Based on a novel by Anthony Burgess, Stanley Kubrick’s cinematic endeavor depicts a dystopian reality not too different from the world today.

“A world in which all older people stayed indoors with their televisions on,” Malcolm McDowell told during an interview for the News.

“And that’s basically what happened. It’s just the young people out there doing drugs — and he foretold all this before the drug explosion.”

How the Idea was Born

The book was released in 1962, which was way “before huge gang violence and drugs happened,” McDowell said. “I don’t see any aversion therapy, thank God, but it’s amazing how there’s so many people incarcerated in America. We are so backward in our thinking, we are so medieval.”

The actor also reminisced about his encounters with Burgess and talked about how the writer first came up with the idea for this grim dystopian vision of our future so vividly painted with white, black and that certain shade of ultra-viole(n)t.

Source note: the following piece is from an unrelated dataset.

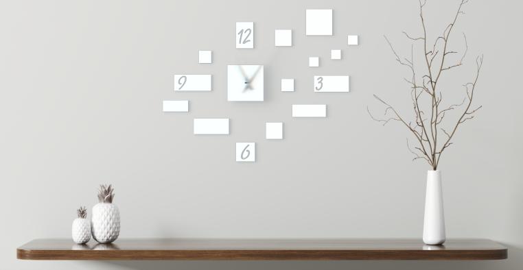 Notre astuce : Si vous souhaitez déplacer plus facilement votre horloge, vous pouvez retirer l'adhésif et fixer les éléments avec de la patafix blanche. Les pièces tiendront très bien et se déplaceront facilement sans laisser de traces.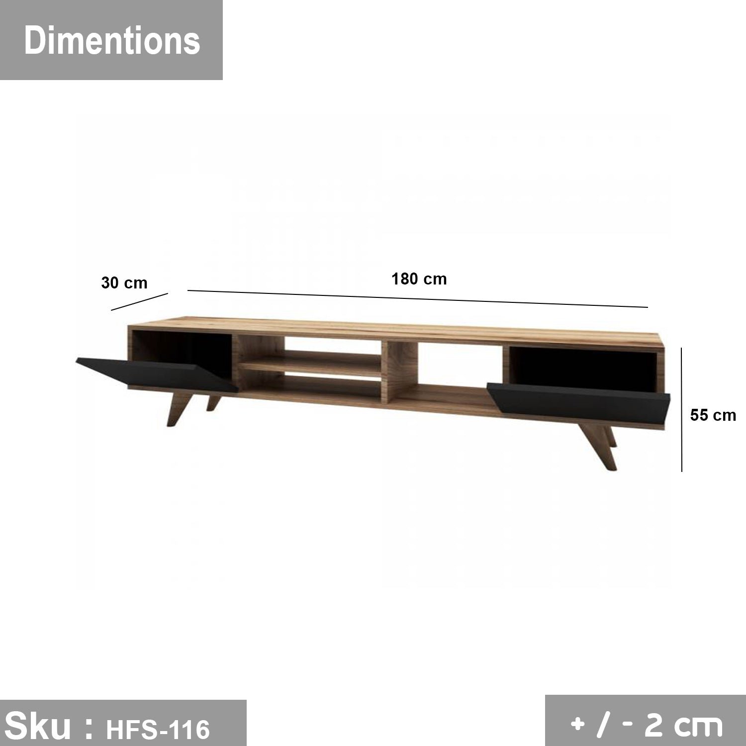 Add a touch of luxury to your living room with this TV table made of high-quality MDF wood. Enjoy its modern and elegant design, and take advantage of its spacious space to display your TV and place other electronic devices in a neat and organized manner. This product is distinguished by its reasonable price, which makes it available to everyone through Oscar Rattan.

“He told me it came to him while he was in Moscow on an exchange visit. He was sitting in a coffee bar on a warm night near the window with a group of Russian friends, when a menacing group of “Muscovite thugs” creepily pressed their faces against the window.”

This experience apparently triggered the idea for the book, as well as for the creation of Nadsat, the strange English/Russian/Yiddish slang language used by the youth of “A Clockwork Orange.”

“Nobody comments about Anthony Burgess anymore, but he is the real genius here,” said McDowell.